Edited collections are challenging to write about and review, with the chapters covering diverse areas / topics and each offering unique data and perspectives. One unique edited collection on Qatar is Policy-Making in a Transformative State: The Case of Qatar, edited by M. E. Tok, L. R. M. Alkhater and L. Pal (2016). The book is over 400 pages and has 14 chapters, beyond the scope of a quick summary. However, there are some valuable contributions that I will point readers toward, which will be of interest from the perspective of understanding policy making as well as unique contributions to understand the Qatari context.
One of the gems in this book is Khalid Rashid Alkhater's Macroeconomic Stabilization Policies and Sustainable Growth in Qatar (Ch 12). While the title is generic, this is an excellent contribution on financial and monetary policy, which I will continue to use in my teaching. The chapter by Lolwah Alkhater on educational reform (Ch 4) provides much more detail than Vora's book. For anyone interested in the education system (and its transformations), this is a critical reflection of decisions made and an important resource. This is followed by a chapter on higher education (Ch 5, by Ahmed Baghdady), which is more descriptive.
In the available English literature, there are few places where one can find nuance on constitutional and legal details of Qatar (while there are political books, like Kamara, these remain quite broad on these points). For this, Hassan Al-Sayed's chapter on Qatar's Constitutional and Legal System (Ch 2) is worth reading. Now the dean of CHSS at HBKU, Amal Mohammed Al-Malki, has a chapter on identity (Ch 9) and Hend Al Muftah has a chapter on labour (migration, Qatarization; Ch 10) with explicit policy recommendations.
Many of the books available on Qatar are written by outsider voices, sometimes following short stays in the country and often by scholars who do not have access to Arabic sources or conversations.

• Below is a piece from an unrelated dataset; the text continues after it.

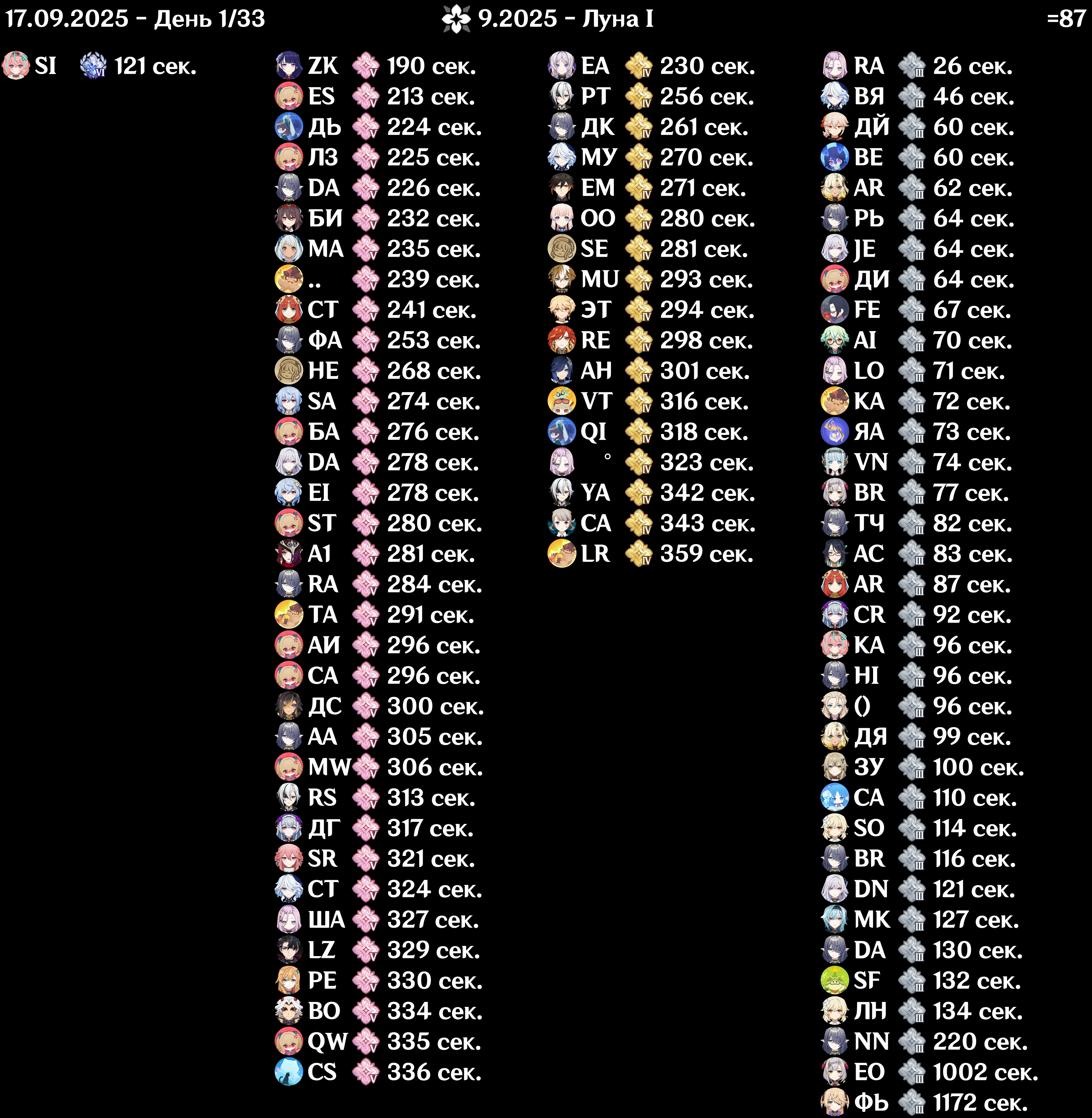 Кста, затестил пачку с Куки с ключом и с6 Фурой вместо Нилы и Кокми и время ушло за 102 сек. А вот если просто поменять Кокми на Фуру, то можно за 81 закрыть!
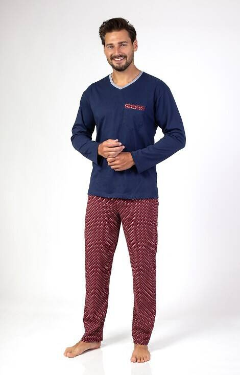 Piżama męska z wysokiej jakości bawełny. Koszulka z długim rękawem, dekolt w kształcie litery "V". Na wysokości klatki piersiowej mała kieszonka. Spodnie długie w kratę

This edited volume provides a broader range of content, not only with insider perspectives but also in many instances contributing original data and interviews. Although much has changed since 2016, this is still a useful book for those interested in understanding Qatar, and particularly useful understanding policy challenges and policy making. One downside to the book is the cost - this is an expensive academic book published by Palgrave, which reduces the accessibility of this collection for those without institutional subscriptions.